[Source information — start]

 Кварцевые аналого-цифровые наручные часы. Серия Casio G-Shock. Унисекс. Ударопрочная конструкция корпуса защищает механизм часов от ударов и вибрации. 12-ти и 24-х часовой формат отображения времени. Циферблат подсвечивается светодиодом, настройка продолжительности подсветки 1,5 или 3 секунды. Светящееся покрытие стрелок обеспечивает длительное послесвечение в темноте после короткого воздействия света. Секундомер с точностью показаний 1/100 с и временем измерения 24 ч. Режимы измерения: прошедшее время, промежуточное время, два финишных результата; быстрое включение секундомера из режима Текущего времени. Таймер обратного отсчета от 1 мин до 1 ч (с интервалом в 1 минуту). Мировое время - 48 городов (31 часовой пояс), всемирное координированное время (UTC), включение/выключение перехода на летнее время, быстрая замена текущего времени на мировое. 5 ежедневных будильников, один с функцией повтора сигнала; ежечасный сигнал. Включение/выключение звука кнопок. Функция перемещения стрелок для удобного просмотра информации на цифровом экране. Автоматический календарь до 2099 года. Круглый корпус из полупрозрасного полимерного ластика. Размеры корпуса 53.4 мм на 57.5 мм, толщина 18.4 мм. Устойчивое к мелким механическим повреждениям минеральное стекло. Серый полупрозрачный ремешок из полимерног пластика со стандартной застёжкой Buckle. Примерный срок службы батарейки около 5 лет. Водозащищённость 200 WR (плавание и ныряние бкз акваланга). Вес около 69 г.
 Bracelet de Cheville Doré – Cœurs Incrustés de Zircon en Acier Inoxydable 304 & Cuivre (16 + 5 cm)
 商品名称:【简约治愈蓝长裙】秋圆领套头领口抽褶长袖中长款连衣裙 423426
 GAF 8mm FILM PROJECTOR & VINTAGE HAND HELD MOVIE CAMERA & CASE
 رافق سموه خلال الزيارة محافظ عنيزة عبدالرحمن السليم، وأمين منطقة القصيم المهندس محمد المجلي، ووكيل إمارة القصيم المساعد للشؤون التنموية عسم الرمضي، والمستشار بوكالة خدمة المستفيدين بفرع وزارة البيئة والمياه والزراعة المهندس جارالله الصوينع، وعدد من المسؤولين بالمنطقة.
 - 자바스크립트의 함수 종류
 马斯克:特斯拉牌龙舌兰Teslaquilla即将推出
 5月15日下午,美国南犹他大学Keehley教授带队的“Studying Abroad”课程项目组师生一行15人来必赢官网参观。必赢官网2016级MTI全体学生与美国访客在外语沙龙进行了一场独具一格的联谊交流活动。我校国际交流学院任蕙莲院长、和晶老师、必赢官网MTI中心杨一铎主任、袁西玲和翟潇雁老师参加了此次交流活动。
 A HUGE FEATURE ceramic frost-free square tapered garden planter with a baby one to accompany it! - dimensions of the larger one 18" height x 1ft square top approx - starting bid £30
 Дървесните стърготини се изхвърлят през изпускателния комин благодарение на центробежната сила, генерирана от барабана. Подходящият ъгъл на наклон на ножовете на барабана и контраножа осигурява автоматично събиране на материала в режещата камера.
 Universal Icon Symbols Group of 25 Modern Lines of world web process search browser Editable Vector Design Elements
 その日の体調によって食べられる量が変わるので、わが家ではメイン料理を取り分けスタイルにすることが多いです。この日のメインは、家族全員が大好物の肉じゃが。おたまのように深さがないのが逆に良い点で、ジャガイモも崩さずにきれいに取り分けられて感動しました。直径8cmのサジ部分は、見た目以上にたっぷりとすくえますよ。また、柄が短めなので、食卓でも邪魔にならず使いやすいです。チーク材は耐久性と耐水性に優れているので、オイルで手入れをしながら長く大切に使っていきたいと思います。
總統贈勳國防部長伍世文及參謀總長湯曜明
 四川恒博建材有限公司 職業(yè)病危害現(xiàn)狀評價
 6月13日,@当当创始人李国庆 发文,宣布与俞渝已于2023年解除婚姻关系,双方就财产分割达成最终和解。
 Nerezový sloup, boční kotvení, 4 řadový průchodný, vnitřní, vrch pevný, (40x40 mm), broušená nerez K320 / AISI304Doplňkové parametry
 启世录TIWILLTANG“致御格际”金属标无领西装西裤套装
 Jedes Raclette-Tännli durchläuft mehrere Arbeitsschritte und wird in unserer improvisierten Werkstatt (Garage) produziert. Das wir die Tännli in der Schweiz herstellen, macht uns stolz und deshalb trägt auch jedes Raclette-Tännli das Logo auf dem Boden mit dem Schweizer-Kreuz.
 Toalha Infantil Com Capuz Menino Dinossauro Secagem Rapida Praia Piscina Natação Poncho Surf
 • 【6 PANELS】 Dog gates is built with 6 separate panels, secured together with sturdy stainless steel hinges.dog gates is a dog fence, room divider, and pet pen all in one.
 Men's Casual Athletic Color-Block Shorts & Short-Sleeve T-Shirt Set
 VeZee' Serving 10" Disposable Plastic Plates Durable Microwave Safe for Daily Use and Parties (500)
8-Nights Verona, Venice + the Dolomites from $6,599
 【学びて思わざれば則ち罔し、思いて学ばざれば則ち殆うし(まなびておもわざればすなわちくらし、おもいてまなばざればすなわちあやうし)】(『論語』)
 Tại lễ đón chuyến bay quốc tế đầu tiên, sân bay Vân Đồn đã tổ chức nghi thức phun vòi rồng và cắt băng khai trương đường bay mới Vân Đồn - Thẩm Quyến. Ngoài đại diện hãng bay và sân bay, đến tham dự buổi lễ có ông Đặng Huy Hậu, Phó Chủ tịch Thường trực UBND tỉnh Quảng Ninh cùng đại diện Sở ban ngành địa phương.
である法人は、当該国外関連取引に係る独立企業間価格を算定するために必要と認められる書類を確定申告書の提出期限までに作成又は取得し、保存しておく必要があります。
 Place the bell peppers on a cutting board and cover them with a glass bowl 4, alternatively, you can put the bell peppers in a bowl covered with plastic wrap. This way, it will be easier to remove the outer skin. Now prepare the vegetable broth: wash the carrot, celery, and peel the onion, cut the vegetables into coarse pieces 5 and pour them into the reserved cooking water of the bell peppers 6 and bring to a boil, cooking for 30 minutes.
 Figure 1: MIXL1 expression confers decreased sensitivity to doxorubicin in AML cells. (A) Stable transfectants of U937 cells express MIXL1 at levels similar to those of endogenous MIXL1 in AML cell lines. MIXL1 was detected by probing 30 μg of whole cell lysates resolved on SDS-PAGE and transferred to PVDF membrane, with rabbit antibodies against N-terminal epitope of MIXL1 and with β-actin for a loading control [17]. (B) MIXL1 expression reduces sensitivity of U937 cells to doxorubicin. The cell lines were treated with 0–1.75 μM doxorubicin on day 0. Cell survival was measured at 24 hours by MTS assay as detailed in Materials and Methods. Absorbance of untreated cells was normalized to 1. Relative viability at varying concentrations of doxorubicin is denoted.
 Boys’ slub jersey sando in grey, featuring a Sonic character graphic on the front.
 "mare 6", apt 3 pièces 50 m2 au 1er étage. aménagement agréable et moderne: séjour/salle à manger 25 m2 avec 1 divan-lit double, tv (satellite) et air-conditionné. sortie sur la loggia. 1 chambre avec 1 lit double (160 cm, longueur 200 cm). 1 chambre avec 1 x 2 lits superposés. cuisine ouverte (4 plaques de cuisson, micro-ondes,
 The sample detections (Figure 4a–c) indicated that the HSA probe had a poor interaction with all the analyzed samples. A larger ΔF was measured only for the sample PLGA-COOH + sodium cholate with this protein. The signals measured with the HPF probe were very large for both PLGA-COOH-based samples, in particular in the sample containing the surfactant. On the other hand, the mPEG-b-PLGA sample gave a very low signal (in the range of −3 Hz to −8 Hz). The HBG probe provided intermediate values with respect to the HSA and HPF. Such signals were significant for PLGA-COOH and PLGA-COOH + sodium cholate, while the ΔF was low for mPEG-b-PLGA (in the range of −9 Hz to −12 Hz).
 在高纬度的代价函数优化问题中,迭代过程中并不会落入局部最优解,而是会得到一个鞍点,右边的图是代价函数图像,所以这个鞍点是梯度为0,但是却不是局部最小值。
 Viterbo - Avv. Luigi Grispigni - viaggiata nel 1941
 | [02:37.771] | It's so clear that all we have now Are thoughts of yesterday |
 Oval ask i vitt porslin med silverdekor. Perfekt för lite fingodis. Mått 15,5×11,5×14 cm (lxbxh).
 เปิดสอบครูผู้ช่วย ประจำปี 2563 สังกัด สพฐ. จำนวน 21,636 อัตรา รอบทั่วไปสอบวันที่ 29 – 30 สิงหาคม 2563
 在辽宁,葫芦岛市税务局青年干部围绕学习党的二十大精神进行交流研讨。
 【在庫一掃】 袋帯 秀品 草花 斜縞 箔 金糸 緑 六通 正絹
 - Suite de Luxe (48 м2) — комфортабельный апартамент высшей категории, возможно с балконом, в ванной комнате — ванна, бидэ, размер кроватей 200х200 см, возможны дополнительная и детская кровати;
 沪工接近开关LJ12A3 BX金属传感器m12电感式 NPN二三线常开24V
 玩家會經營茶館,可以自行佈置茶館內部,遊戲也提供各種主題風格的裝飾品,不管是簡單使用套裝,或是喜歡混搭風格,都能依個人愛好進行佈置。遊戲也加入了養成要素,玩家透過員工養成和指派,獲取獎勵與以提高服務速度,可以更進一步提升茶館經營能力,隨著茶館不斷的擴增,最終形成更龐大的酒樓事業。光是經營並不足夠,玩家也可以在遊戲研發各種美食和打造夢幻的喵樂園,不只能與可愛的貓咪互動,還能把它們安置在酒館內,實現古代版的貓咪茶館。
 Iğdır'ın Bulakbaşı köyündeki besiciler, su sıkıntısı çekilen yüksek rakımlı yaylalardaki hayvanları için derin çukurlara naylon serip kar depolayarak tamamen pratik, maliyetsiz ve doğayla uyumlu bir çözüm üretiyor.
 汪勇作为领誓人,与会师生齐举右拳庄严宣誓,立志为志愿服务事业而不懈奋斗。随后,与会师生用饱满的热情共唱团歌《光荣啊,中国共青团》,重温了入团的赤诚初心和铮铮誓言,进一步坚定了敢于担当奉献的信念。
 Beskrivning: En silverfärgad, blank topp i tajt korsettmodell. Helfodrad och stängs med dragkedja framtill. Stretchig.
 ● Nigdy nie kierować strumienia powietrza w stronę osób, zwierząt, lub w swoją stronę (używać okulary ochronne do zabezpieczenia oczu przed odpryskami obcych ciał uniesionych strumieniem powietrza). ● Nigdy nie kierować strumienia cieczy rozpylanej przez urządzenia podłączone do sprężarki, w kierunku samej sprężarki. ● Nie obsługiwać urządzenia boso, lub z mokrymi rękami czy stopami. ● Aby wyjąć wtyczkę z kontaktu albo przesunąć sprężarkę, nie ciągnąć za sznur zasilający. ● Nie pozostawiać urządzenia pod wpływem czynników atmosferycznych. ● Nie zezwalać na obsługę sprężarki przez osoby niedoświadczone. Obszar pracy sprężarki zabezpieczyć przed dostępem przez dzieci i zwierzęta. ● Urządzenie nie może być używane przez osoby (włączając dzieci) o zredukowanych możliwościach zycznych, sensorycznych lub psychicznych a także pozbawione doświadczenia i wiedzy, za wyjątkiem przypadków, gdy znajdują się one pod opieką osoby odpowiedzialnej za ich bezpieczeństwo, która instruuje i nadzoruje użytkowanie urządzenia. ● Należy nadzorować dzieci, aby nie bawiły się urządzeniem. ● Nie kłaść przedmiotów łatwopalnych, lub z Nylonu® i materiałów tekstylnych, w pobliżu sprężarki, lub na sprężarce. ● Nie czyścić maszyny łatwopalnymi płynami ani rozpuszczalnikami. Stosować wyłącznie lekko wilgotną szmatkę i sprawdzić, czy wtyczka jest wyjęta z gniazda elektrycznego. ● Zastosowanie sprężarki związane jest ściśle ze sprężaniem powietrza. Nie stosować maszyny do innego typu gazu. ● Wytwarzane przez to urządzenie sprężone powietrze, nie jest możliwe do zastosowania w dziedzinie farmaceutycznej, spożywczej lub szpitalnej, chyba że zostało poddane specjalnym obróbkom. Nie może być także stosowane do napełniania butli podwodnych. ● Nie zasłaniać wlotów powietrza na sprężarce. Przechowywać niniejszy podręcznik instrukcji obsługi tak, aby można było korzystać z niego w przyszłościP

[Source information — finish]

§ **What to do**:
Which lines above hold the string "that"? Copy every one of them.

§ **Task answer**:
 The sample detections (Figure 4a–c) indicated that the HSA probe had a poor interaction with all the analyzed samples. A larger ΔF was measured only for the sample PLGA-COOH + sodium cholate with this protein. The signals measured with the HPF probe were very large for both PLGA-COOH-based samples, in particular in the sample containing the surfactant. On the other hand, the mPEG-b-PLGA sample gave a very low signal (in the range of −3 Hz to −8 Hz). The HBG probe provided intermediate values with respect to the HSA and HPF. Such signals were significant for PLGA-COOH and PLGA-COOH + sodium cholate, while the ΔF was low for mPEG-b-PLGA (in the range of −9 Hz to −12 Hz).
 | [02:37.771] | It's so clear that all we have now Are thoughts of yesterday |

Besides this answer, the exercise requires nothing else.